SH-1 modification of rabbit myosin interferes with calcium regulation

Abstract

The reactive thiol of the myosin head, SH-1, can be selectively labelled in glycerinated rabbit muscle fibres. This residue has been used as an attachment site for either fluorescent or spectroscopic probes which report on head movements and orientations in various functional states of muscle. We have specifically modified SH-1in vitro, using purified rabbit myosin and conditions similar to those employed in the labelling of muscle fibres (low ionic strength [40mM NaCl] at 4°C), with stoichiometric amounts of either [¹⁴C]-iodoacetamide, 5-(2((iodoacetyl)amino)ethyl) aminonaphthalene-1-sulphonic acid (IAEDANS), or 4-(2-iodoacetamido-2,2,6,6-tetramethyl piperidinooxyl (IASL). The specificity of modification was determined by measuring the well-defined alterations in the high salt ATPase activities of myosin and by localizing both IAAm and IAEDANS to the 20-kDa C-terminal subfragment 1 (S1) which contains SH-1. The low ionic strength actin-activated Mg²⁺-ATPase of SH-1-modified rabbit myosin was measured in the presence of the thin filament regulatory, complex, troponin-tropomyosin. A significant increase in this activity in the absence of calcium, concomitant with a decrease in activity in the presence of calcium, was observed as the extent of SH-1 modification was incrementally increased from zero to one mole of label bound per mole of SH-1. The elevated myosin Mg²⁺-ATPase, which results from SH-1 modification, does not account for the increased actin-activated Mg²⁺-ATPase in resting conditions (i.e. in the absence of calcium).

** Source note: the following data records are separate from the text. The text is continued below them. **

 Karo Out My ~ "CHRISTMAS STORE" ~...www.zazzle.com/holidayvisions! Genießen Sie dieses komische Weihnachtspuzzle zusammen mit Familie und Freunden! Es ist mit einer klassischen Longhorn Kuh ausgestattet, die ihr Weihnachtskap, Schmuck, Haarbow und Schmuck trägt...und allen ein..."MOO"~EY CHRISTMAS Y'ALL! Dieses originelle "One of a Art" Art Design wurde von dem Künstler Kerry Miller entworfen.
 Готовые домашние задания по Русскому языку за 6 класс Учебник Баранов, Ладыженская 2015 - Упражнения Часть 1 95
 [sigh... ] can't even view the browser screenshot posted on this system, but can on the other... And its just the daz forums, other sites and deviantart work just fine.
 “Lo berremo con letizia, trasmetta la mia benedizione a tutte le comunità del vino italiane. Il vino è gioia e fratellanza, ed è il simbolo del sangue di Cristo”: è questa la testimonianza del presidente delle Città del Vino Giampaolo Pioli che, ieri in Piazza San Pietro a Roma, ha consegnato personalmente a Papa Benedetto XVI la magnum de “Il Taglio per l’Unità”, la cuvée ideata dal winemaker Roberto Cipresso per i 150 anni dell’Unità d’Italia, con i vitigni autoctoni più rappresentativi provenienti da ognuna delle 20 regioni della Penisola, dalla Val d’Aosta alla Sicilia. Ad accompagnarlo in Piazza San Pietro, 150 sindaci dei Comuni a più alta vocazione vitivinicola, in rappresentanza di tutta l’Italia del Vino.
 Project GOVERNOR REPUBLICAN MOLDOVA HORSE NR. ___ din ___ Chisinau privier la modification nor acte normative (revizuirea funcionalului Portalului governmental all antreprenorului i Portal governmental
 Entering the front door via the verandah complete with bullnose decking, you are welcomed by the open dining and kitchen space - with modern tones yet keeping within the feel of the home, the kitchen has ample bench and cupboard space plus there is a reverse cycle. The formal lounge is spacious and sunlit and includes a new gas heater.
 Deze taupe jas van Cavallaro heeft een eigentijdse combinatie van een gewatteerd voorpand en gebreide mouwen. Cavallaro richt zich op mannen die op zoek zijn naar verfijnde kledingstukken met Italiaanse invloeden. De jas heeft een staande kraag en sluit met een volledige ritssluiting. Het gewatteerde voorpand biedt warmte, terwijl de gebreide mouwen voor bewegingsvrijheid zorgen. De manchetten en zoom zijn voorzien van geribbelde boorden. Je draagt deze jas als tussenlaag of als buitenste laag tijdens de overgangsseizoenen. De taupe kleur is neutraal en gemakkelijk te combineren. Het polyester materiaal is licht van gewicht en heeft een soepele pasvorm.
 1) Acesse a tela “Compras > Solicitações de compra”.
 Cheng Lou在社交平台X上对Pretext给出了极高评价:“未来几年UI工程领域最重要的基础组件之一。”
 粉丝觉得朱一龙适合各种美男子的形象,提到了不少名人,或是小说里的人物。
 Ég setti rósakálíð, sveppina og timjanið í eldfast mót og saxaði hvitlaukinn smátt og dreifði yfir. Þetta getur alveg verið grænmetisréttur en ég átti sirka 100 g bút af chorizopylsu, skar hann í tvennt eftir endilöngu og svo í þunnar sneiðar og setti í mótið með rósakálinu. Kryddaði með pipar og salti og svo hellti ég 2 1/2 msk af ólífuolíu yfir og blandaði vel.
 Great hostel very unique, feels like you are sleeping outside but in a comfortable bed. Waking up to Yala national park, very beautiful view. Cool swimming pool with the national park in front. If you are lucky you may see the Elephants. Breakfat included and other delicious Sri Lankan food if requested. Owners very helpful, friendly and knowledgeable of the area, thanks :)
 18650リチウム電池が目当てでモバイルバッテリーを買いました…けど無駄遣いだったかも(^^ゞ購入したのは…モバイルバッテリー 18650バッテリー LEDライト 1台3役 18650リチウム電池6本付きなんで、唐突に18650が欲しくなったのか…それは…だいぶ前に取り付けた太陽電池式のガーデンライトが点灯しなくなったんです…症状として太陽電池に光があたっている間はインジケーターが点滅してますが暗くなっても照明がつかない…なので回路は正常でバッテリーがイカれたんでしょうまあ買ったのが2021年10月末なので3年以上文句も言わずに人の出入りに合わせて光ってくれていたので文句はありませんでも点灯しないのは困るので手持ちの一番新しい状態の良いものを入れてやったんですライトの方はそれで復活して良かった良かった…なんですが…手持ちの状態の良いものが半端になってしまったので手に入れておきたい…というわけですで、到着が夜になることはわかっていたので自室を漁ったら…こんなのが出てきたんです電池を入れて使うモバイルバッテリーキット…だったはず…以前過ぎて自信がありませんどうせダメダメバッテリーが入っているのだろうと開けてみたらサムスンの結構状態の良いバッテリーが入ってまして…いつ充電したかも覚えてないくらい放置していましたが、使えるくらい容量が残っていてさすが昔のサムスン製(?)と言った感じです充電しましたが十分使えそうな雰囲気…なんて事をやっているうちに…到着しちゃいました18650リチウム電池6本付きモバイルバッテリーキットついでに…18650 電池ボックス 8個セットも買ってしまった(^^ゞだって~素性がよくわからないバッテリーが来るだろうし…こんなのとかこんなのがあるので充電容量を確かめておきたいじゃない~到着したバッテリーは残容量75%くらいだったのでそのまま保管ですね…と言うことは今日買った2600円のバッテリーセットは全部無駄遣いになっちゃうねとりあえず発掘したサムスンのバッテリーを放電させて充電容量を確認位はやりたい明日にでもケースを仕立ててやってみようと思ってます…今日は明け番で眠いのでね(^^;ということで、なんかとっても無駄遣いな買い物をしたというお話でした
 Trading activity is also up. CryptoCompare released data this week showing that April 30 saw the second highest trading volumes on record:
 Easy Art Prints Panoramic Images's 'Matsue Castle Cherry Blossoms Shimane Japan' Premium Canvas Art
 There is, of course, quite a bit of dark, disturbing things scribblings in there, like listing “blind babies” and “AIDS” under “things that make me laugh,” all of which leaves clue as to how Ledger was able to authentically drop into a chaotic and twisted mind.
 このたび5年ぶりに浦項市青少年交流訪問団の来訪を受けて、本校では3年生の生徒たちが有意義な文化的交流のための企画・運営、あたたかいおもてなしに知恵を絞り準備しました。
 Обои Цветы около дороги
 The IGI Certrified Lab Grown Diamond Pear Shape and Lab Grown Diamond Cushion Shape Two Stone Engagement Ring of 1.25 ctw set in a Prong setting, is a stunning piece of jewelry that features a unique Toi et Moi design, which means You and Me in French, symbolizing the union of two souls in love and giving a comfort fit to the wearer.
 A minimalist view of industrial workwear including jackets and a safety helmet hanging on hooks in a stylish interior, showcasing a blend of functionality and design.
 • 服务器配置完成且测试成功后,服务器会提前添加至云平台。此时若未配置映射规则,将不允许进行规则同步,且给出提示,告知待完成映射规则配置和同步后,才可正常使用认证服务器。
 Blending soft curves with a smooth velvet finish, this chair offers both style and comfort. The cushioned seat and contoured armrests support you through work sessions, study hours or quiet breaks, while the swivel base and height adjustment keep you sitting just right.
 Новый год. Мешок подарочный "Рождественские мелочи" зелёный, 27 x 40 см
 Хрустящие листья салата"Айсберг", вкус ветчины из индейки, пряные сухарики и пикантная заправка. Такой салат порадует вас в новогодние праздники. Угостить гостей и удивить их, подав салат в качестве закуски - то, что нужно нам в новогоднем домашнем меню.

Thein vitro actin-activated Mg²⁺-ATPase activities become equal in both active and resting conditions when one mole of SH-1 is modified per mole of myosin head. These results demonstrate that SH-1 is located in a region of the myosin head which plays a part in the calcium-sensitive regulation of the actin-activated Mg²⁺-ATPase by troponin-tropomyosin. These studies also indicate that SH-1-labelled preparations may not be suitable for the analysis of myosin head motion and/or orientation in the resting state.